WHAT IS REQUIRED »
Every line of the entries below from the one containing "A 5x8 rectangular" to the one containing "gia đình. |", both ends included, must be written out exactly. No other line belongs in the answer.

DATA SECTION »
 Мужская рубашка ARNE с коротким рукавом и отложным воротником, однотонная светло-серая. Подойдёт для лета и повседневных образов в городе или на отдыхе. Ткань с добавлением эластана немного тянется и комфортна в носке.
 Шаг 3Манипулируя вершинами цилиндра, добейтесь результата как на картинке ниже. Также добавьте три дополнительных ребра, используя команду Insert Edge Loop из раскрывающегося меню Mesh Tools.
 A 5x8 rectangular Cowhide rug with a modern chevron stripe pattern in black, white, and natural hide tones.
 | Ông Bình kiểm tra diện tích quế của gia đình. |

--

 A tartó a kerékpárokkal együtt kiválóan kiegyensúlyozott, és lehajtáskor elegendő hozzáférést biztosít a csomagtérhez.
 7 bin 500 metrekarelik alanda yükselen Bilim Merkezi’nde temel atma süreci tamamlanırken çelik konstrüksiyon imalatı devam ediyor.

SOLUTION »
 A 5x8 rectangular Cowhide rug with a modern chevron stripe pattern in black, white, and natural hide tones.
 | Ông Bình kiểm tra diện tích quế của gia đình. |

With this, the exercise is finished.